TASK:
From the listing below, reproduce exactly the lines starting with the one with "As part of its" and going on through the one with "Handcrafted Madhubani Painting", both ends kept. No picture is copied.

EXCERPTED RECORDS:
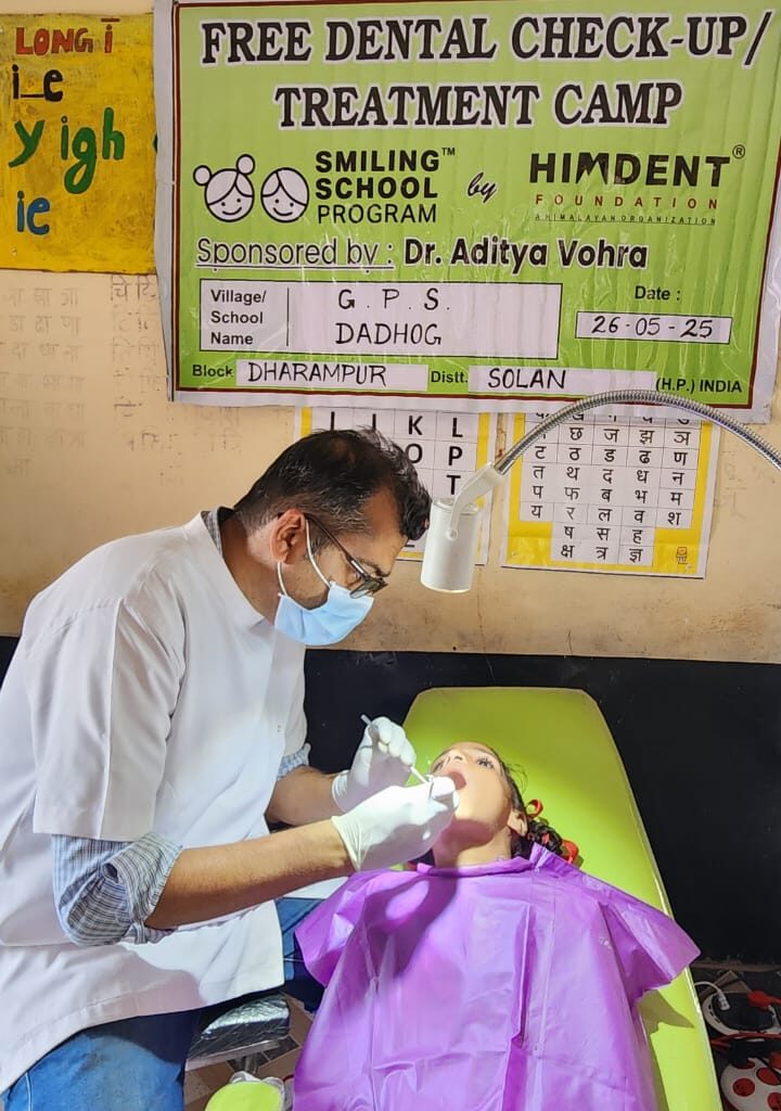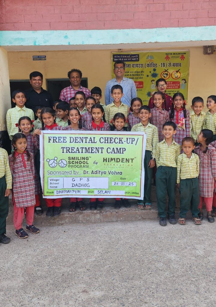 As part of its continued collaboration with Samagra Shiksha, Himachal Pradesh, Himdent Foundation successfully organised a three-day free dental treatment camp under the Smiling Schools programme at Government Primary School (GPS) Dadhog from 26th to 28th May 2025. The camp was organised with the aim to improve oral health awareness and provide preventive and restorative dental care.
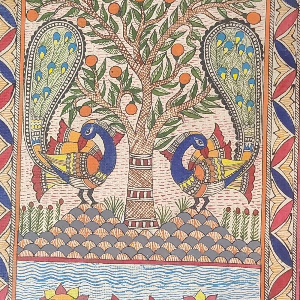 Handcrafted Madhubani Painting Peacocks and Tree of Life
...
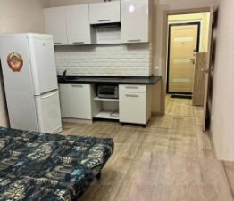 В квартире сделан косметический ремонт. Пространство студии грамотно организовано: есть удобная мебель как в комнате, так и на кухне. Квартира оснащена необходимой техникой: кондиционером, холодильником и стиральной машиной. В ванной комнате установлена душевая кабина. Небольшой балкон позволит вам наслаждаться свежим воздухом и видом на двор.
...
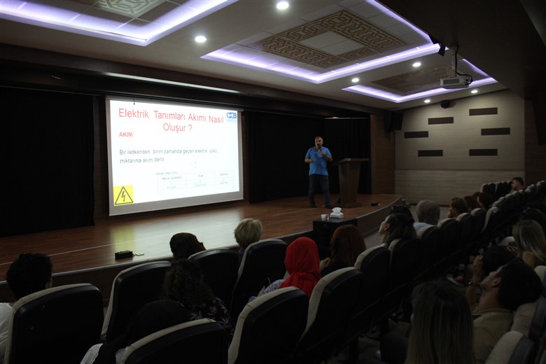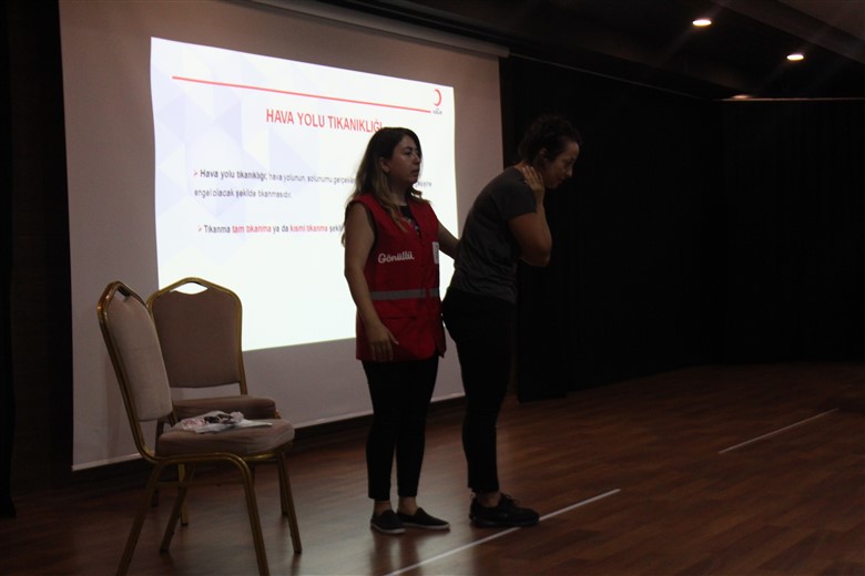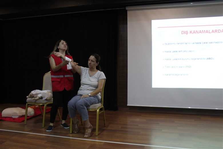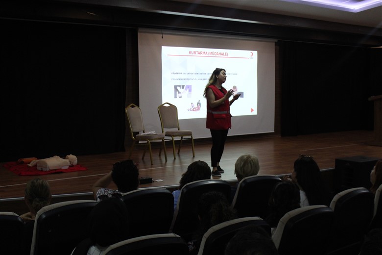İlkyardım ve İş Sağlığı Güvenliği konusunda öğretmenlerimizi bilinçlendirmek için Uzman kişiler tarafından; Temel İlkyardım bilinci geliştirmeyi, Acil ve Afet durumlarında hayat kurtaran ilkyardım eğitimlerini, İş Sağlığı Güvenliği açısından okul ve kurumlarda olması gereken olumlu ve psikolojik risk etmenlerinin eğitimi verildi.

SOLUTION TO THIS PROBLEM:
 As part of its continued collaboration with Samagra Shiksha, Himachal Pradesh, Himdent Foundation successfully organised a three-day free dental treatment camp under the Smiling Schools programme at Government Primary School (GPS) Dadhog from 26th to 28th May 2025. The camp was organised with the aim to improve oral health awareness and provide preventive and restorative dental care.
 Handcrafted Madhubani Painting Peacocks and Tree of Life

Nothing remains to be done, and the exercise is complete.